PyTorch
Model Deployment and Inference
Demo Deployment Options
Welcome to the first demonstration in our deployment series. In this guide, we provide a comprehensive overview of working with ONNX and the ONNX Runtime. This demonstration will walk you through installing the necessary modules, modifying a pretrained model, exporting it to ONNX format, preparing input for inference, running the inference, and finally mapping the output to a human-readable label.
Overview
ONNX is an open standard format that allows interoperability of models across different platforms. With ONNX Runtime, you can execute these models efficiently in various deployment scenarios.
Installing ONNX and ONNX Runtime
Begin by installing both ONNX and the ONNX Runtime. For this demo, we assume that the required modules are already installed.

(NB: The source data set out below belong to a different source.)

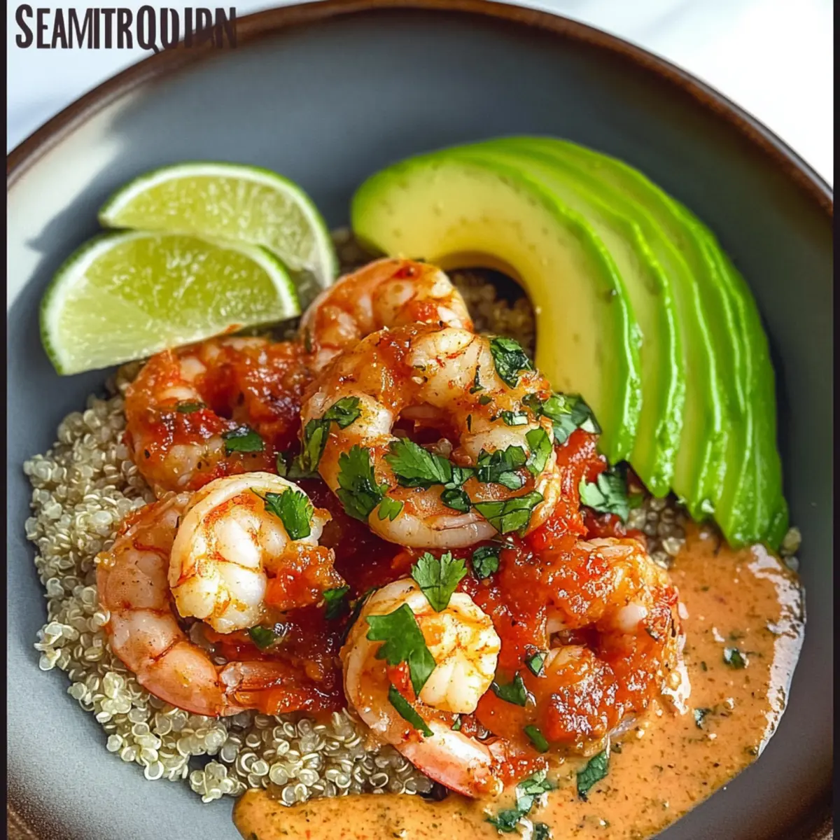 Um das Gericht zu servieren, verteilen Sie die Koriander-Limetten-Quinoa gleichmäßig auf Tellern. Löffeln Sie die Garnelen mit frischer Tomatensauce darauf und garnieren Sie mit gewürfelter Avocado. Servieren Sie das Gericht mit Limettenvierteln an der Seite, um den Geschmack beim Essen zu intensivieren.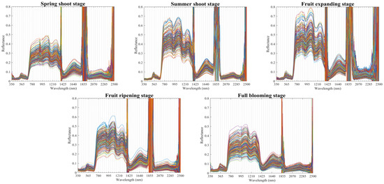 The canopy hyperspectral reflectance characteristics of individual Camellia oleifera trees during the five growth stages are shown in Figure 3. After excluding the anomalous wavelength bands affected by water vapor absorption across the full wavelength range, the spring shoot stage canopy reflectance values ranged between 0 and 0.492. In the 350–400 nm range, reflectance decreased as the wavelength increased, reaching the first reflectance peak in the 553–562 nm range. Starting at 560 nm, reflectance dropped, forming an absorption valley around 675–679 nm. From approximately 700 nm, the canopy reflectance increased, creating a steep rise known as the “red edge”, followed by a high reflectance plateau between 780 and 1000 nm, where the spectral reflectance remained stable. In the shortwave infrared region (1000–2500 nm), five wavelength ranges were affected by outdoor water vapor.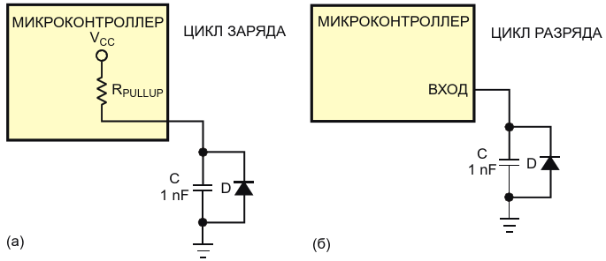 Конденсатор C сначала заряжается через подтягивающий резистор линии вывода-ввода микроконтроллера, сконфигурированной как выход (а). Затем конденсатор разряжается обратным током утечки диода D (б)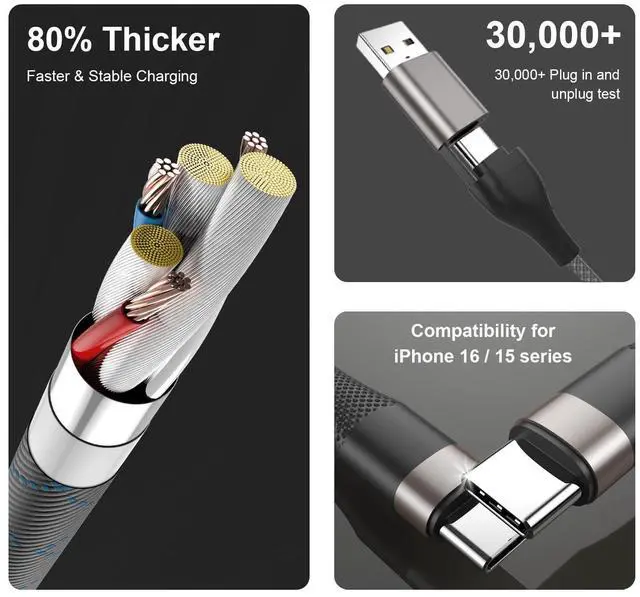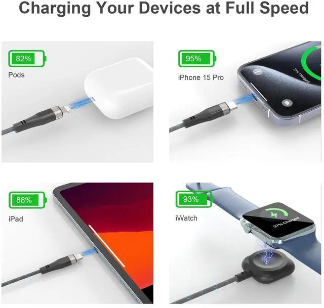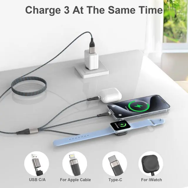 | Special Feature | 48Strands Braided tangle Free, Portable 3 in 2 Multi Charging Cable for Apple Watch&iPhone&Type c Devices, Safe&fast Charging |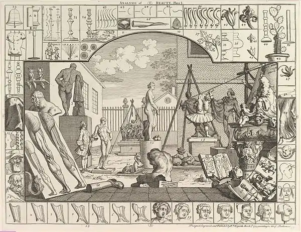- Cette estampe est le portrait-manifeste de son traité sur la Ligne de beauté (L'Analyse de la beauté), ici présent sur la palette[31].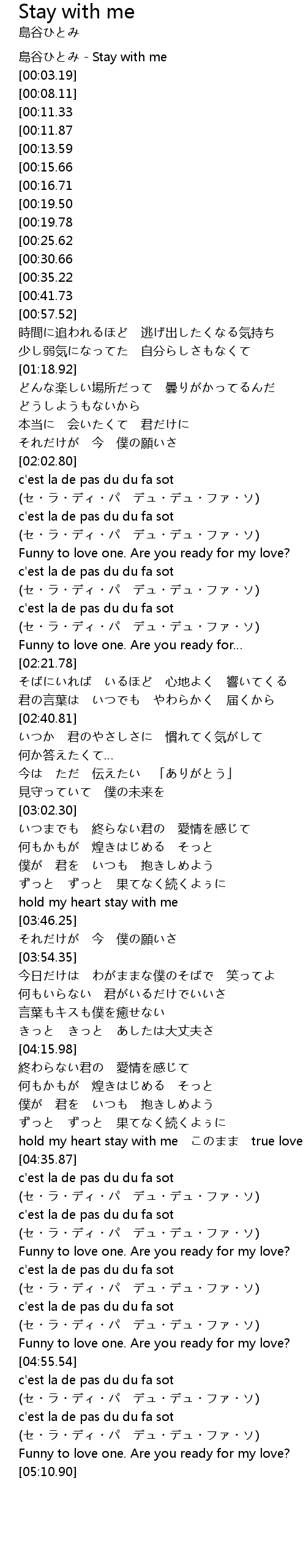 | [00:01.12] | 島谷ひとみ - Stay with me |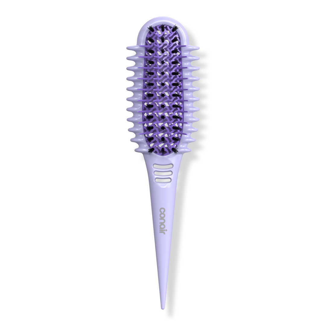 The Conair Curl Define Pro Detangler Brush is designed for loose curls to gently detangle, smooth, and define. Continuous grooves smooth and separate curls, vents help remove excess water and product, and mixed bristles gently detangle with no pulls to reduce frizz and breakage.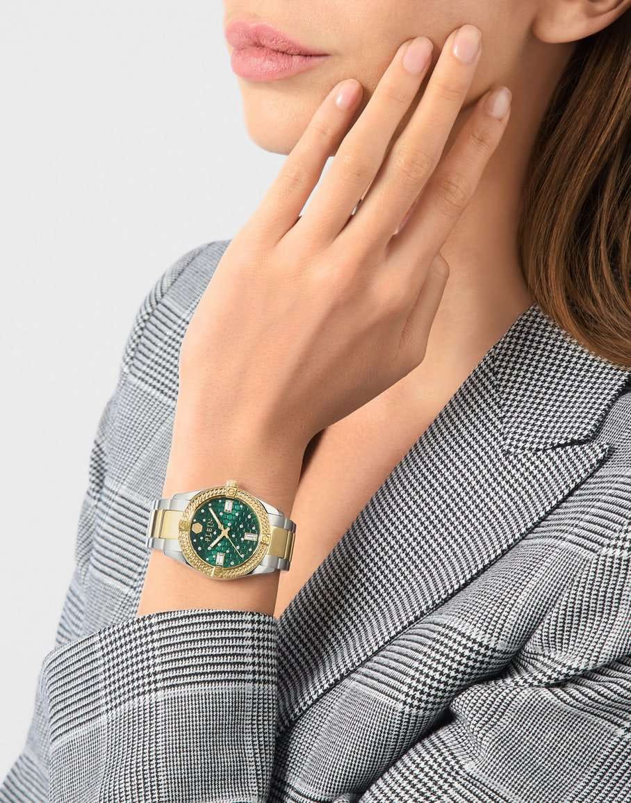 Женские кварцевые часы Philipp Plein Plein Icon Chain PW1FA0325 — это стильное сочетание элегантности и современного дизайна. Изящный корпус выполнен из нержавеющей стали, диаметром 36 мм, что придаст образу женственности и романтизма. Изысканный циферблат с метками в виде штрихов придает модели особый блеск. Циферблат защищен минеральным стекломМинеральное стеклоМинеральное стекло представляет собой искусственно выращенный минерал кварца. Такое стекло отличается особой устойчивостью к повреждениям и царапинам. Уступает по некоторым качествам сапфировому стеклу., обеспечивающий устойчивость к царапинам и украшен кристаллами. Стрелки с люминесцентным покрытиемЛюминесцентное покрытиеПозволяет считывать показания времени в темноте. Производители наносят на стрелки, часовые индексы, безель или поверхность циферблата светонакопительный состав, дающий холодное свечение.. БезельБезельВнешний ободок, закрепляющий стекло. В спортивных часах так называется поворотное кольцо с делениями на циферблате, выполняет роль таймера – замеряет отрезки времени на шкале. Неподвижный безель – элемент декора. Однонаправленно вращающийся безель на дайверских часах позволяет фиксировать моменты погружения и выныривания на поверхность. с PVD-покрытиемPVDУльтратонкое покрытие наносится в технике вакуумного напыления, сочетает в себе нитрид титана особой прочности со слоем золота или оксида хрома. Несёт в себе декоративную или защитную функцию. золотистого цвета. Часы оснащены надежным кварцевым механизмом. Стальной браслет с частичным PVD-покрытиемPVDУльтратонкое покрытие наносится в технике вакуумного напыления, сочетает в себе нитрид титана особой прочности со слоем золота или оксида хрома. Несёт в себе декоративную или защитную функцию. на застёжке-бабочкеЗастёжка "бабочка"Такой вид застёжки дополняется предохранителями, помогающими избежать случайного раскрытия браслета. Обладают изящным исполнением. , гарантирует комфортное и безопасное ношение. Класс водозащиты: 50 метров позволит защитить корпус от случайных брызг или капель дождя. Phlipp Plein — отличный выбор для тех, кто ценит яркость и качество.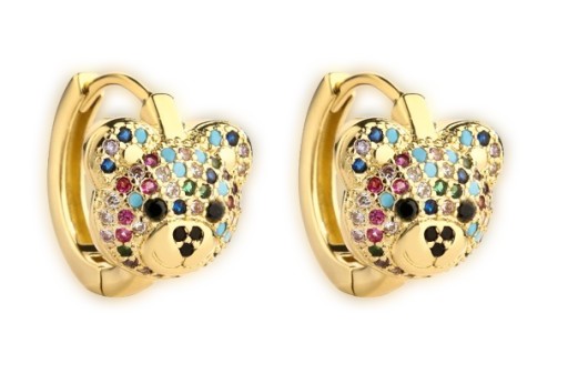 Kolczyki Dziecięce Miś Niedźwiadek Złote Kolorowe Cyrkonie Kółka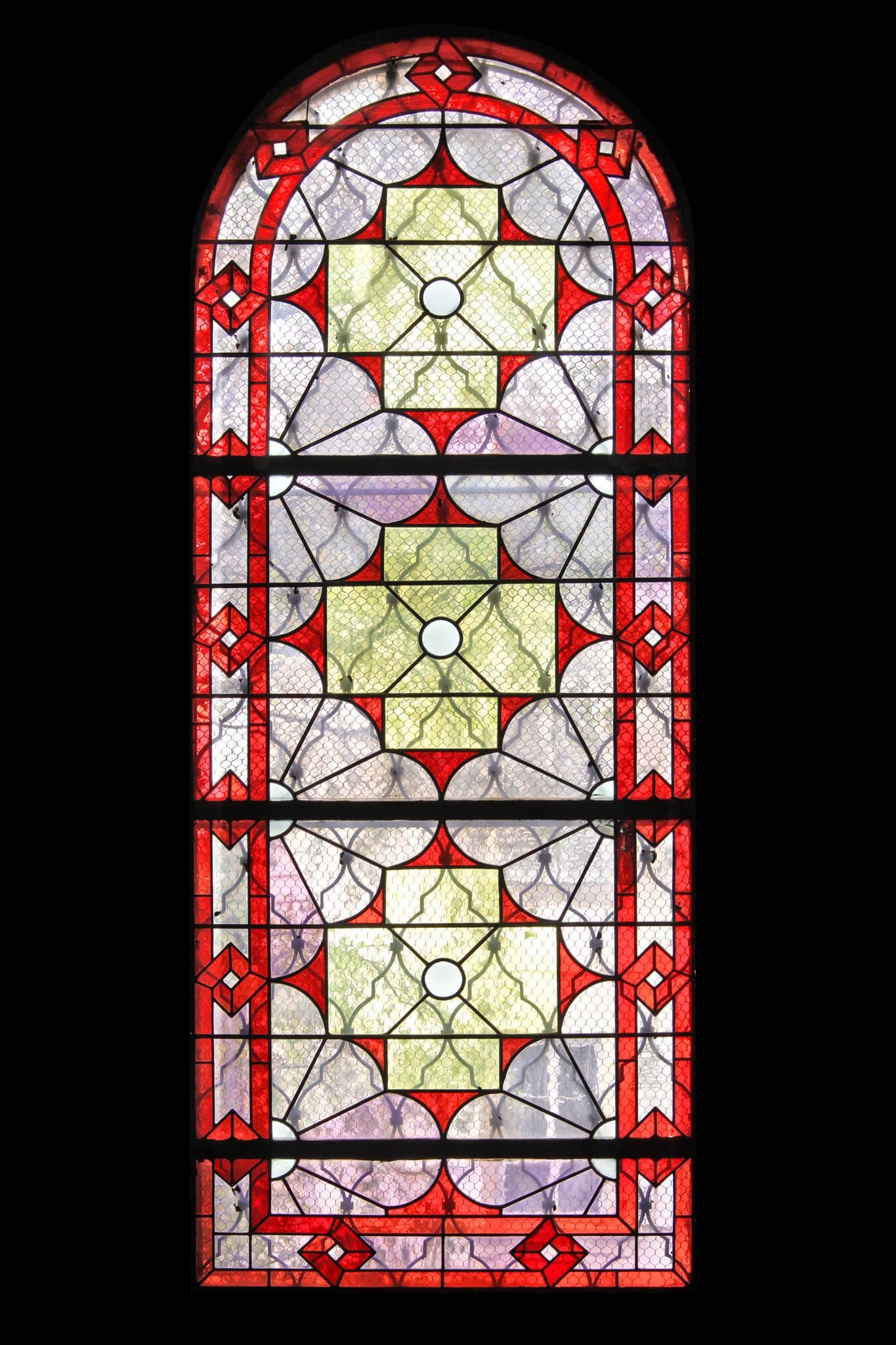 Trois croix grecques jaunes insérées dans un losange rouge et superposées sur un fond rose. Le tout encadré d’une double bordure rouge décorée de bornes.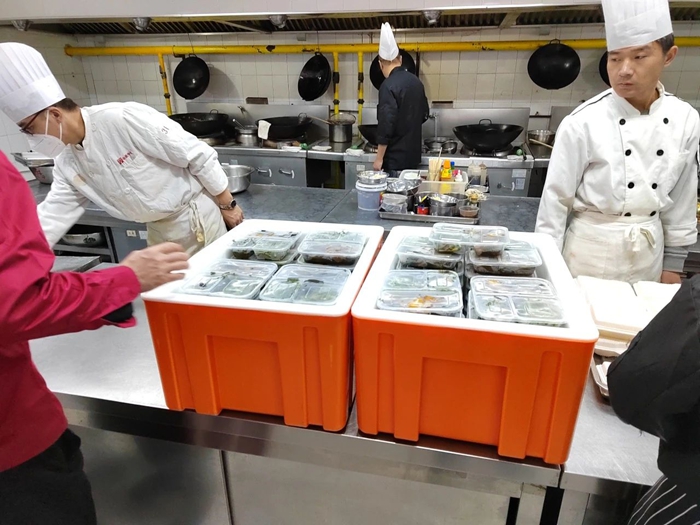 为此,宾馆早在5月下旬就统筹协调厨师人员、配菜人员,并根据每日不同的菜谱,具体安排烹饪时间和顺序。此外,宾馆还对配送路上花费的时长进行具体测算,同时明确要求,办公室和后勤人员要在保证安全卫生的条件下,充实到分装配送一线,最大限度确保每一份盒饭,在中午休息时第一时间送达到用餐人员手中。当宾馆的送餐人员将盒饭配送至比赛现场,看着赛事人员大口大口吃着冒着热气的饭菜时,内心涌起无比的自豪和欣慰。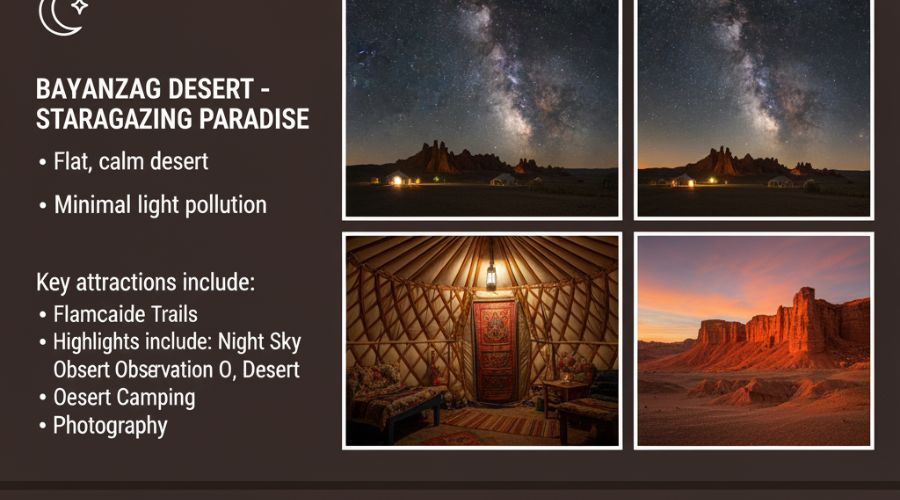 The Bayanzag desert, commonly known as the Place of the Flaming Cliffs, is a flat and calm desert that is ideal in stargazing. Highlights include: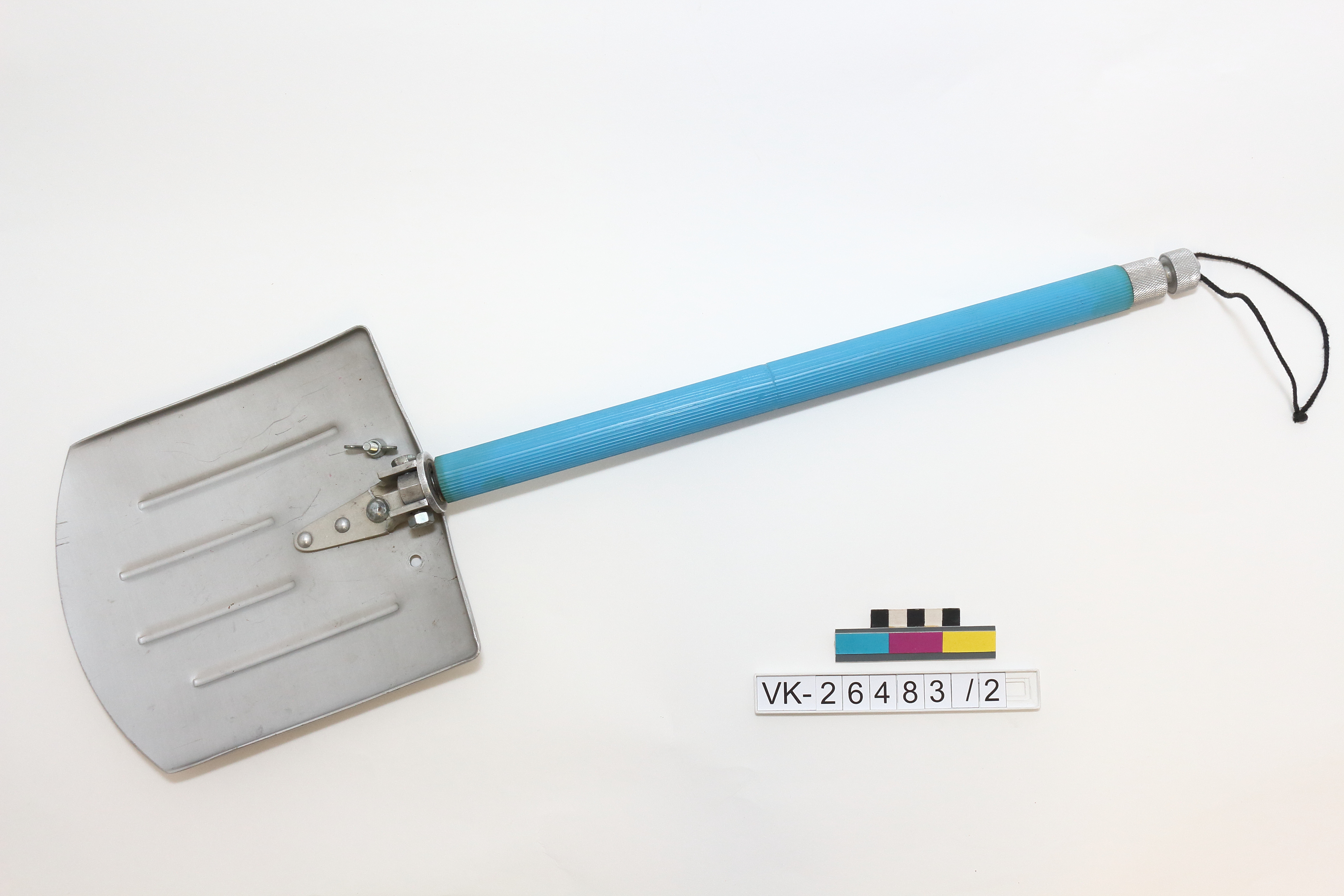 Teil einer AlpinistInnenausrüstung, überbracht von einem Mitglied des ÖAV St. Pölten: Schaufel (Lawinenschaufel) mit klappbarem Blatt und eingebauter Federwaage (Schneewaage). Das Blatt ist in drei Positionen zu arretieren.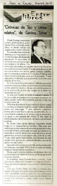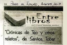 "Crónicas de Teo y otros relatos", de Santos Tobar [artículo] / Miguel Ramírez. Proa al futuro (Diario : Lebu, Chile)-- (ago. 2013), p. 16. .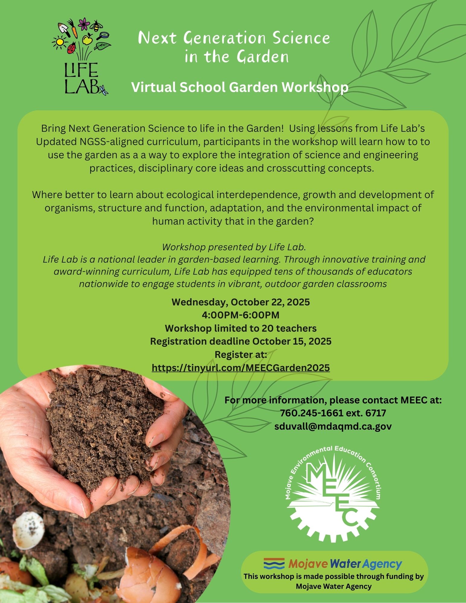 We’re excited to invite your school to participate in the 2025-2026 Outstanding Environmental Science Project Awards Program! This program recognizes K-12 students in the High Desert portion of San Bernardino County, Blythe, and Antelope Valley who create outstanding environmentally-themed science fair projects. Awards: Important Info: Don’t miss this chance to celebrate your students’ achievements! Register […]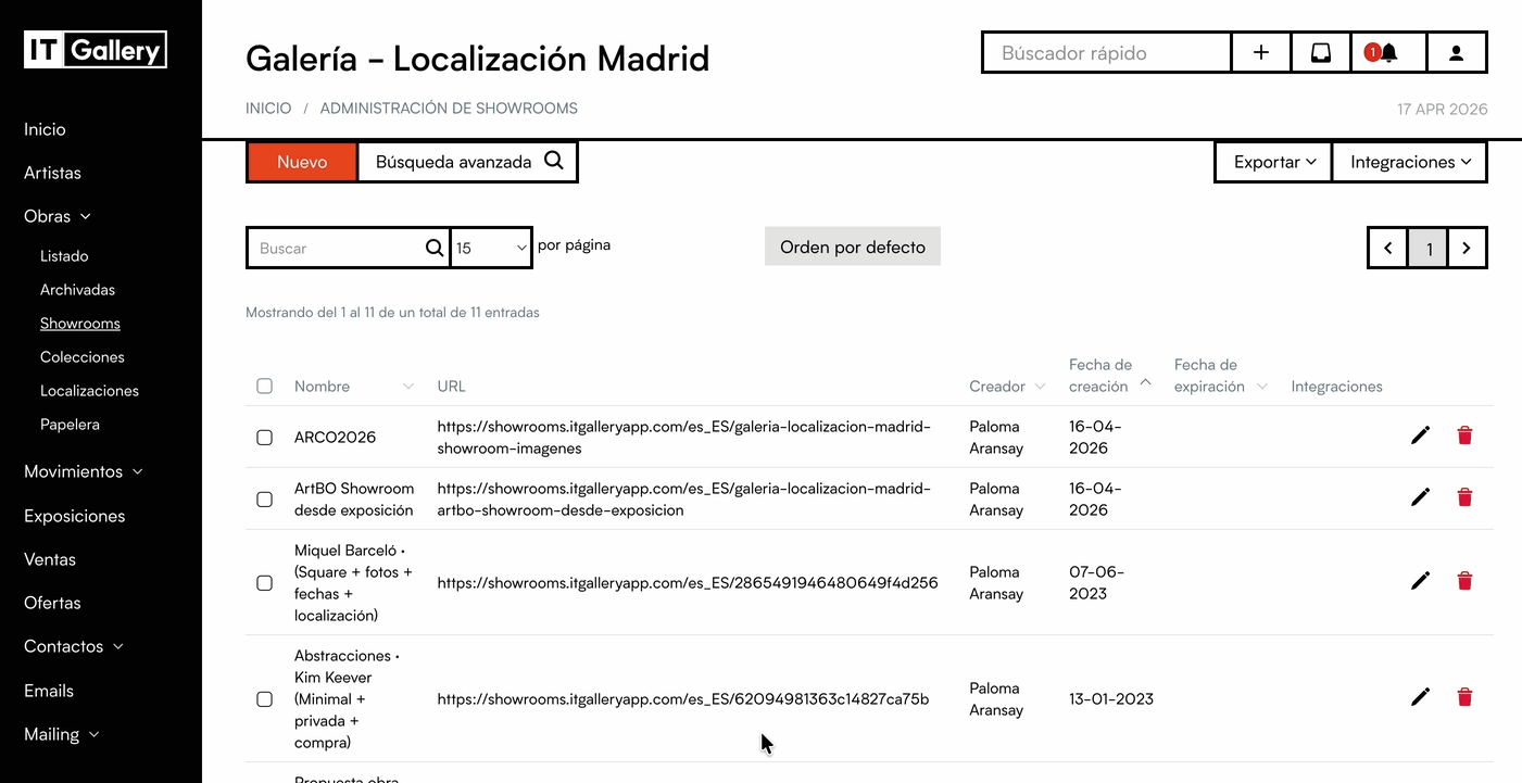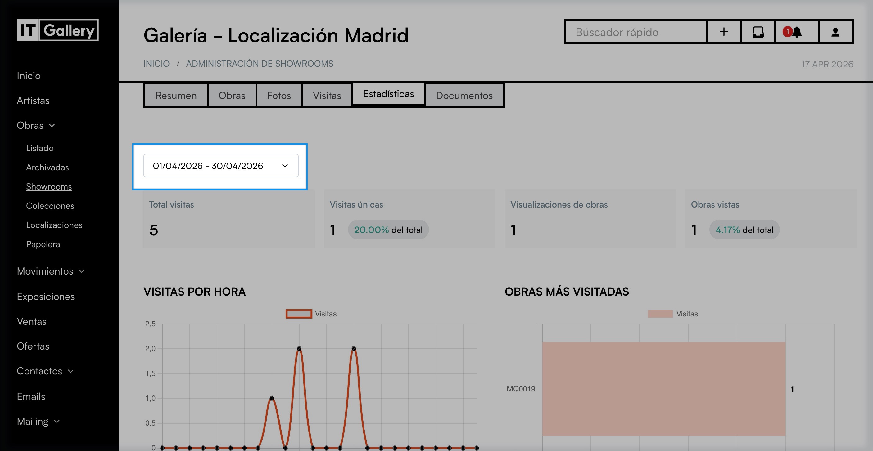 Puedes consultar las estadísticas de un showroom para analizar su rendimiento y ver cómo interactúan los usuarios con el showroom y las obras.

If you encounter any issues, install the modules using pip and restart your notebook.
# Install the required modules
!pip install onnx onnxruntime
Console output:
Requirement already satisfied: onnx in /root/venv/lib/python3.11/site-packages (1.17.0)
Requirement already satisfied: onnxruntime in /root/venv/lib/python3.11/site-packages (1.20.1)
Requirement already satisfied: numpy>=1.20 in /root/venv/lib/python3.11/site-packages (from onnx) (2.1.1)
Requirement already satisfied: protobuf>=3.20.2 in /root/venv/lib/python3.11/site-packages (from onnx) (5.29.3)
Requirement already satisfied: coloredlogs in /root/venv/lib/python3.11/site-packages (from onnxruntime) (15.0.1)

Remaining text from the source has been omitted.